At the tender age of 25 and only one year out of art school, both Messrs. Goode and Ruscha were included in curator and Pop Art guru Walter Hopps’ groundbreaking 1962 Pasadena Museum exhibition entitled “New Painting of Common Objects.” Hopps, along with artist Ed Kienholz, was the mastermind behind L.A.’s Ferus Gallery, the original breeding ground for Pop Art and the gallery most famous for giving Andy Warhol his first solo exhibition.

Mr. Goode was quickly singled out for his “milk bottle” paintings: painterly monochromes with a silhouette, or a painted 3-D version, of a glass milk bottle that punctuated an otherwise abstract canvas. Mr. Goode’s iconic pieces of Americana, like Warhol’s soup cans and Mr. Ruscha’s words from pop culture, were an instant hit with an American art audience hungry for homegrown content.

But Mr. Goode, who was armed with a precocious talent and an inquisitive thirst for painting, was never truly a Pop artist—at least not in the traditional sense. He was a painter (and sculptor) of memory. It’s as if he needed to dissect and look inside the things in his life that were important (milk bottles, staircases, clouds) in order to figure out the recipe that made these objects memorable.

In his current exhibition at Van Doren Waxter (At 23 East 73rd Street, up through May 1st) wistfully titled “There’s Always Tomorrow,” Mr.

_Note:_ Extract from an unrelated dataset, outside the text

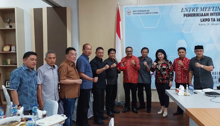 BOLMONG — Bupati Bolaang Mongondow (Bolmong) Limi Mokodompit bersama Sekretaris daerah (Sekda) Bolmong Tahlis Gallang SIP MM bersama sejumlah pimpinan OPD turut dampingi bupati menerima Kunjunga Kerja (Kunker) Ketua dan Anggota DPRD Provinsi Sulawesi Utara (Sulut), Kamis 26 Januari 2023.

Goode rehangs a grouping of paintings from his “Torn Cloud” and “Vandalism” series’ made between the years 1967 and 1976.

Each grouping of 10 mostly easel-sized paintings (which feel almost like religious relics encased in shallow glass vitrines) sticks to the same format: realistic paintings of sky that have been defaced with cuts, rips and tears. In the hands of a lesser painter, a move like this could easily be brushed off as gimmicky, but Mr. Goode’s relentlessly delicate application of oil paint and surprising compositional ingenuity gives these works a humming, transcendental magic.

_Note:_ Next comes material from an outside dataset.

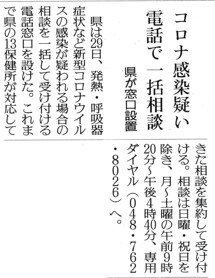 これまでお伝えして来た保健所などの相談窓口に加え、昨日から、月~土曜の昼間、相談窓口が新たに開設され、看護師が対応して下さる事になりました(県看護協会)。

In the earliest works from this series, Mr. Goode slashes a variety of holes into his pristine skyscapes, leaving curled and frayed edges to expose a range of gray monochrome canvases beneath. His later works offer a similar effect but instead employ canvas board, which reveals areas of utilitarian brown paper pulp after the surface painting is ripped away.

Mr. Goode’s gashes act as stand-ins for clouds, which both complete and destroy his celestial spheres. It is absorbing to take in the variance of blues and grays within these works, yet the images also have an iconic feel, revealing skies and clouds to be much more than just a reflection on nature. Mr. Goode’s loaded symbols manage to evoke everything from Irving Berlin classics to the benign names of paint store color chips.

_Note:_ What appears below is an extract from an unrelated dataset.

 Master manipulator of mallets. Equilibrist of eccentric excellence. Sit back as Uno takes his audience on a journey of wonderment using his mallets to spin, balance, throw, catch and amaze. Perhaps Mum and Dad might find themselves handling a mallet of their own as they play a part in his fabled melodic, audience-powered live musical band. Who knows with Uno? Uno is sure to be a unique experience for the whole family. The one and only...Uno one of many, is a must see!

Mr. Goode’s talent lies in the way he collects the slippery meanings that we’ve attached to a thing while also making that object look strange and new. Because of this, Mr. Goode is more of a Pop artist in the original sense of the word: popular. Not popular in the way Thomas Kinkade, Painter of Light is popular, but in reference to the way that he locates popular objects in his art. It was a position that was hard to peg in relation to the Brillo Boxes of Warhol and Wham! cartoons of Roy Lichtenstein.

Fortunately, young standout artists as diverse and Sara Greenberger Rafferty and Aaron Bobrow are starting to find fruitful psychological avenues within the popular object, making Mr. Goode’s oeuvre all the more necessary to revisit. With our linear concept of art history starting to bend, it’s time to recognize Mr. Goode as the innovator that he is—always was.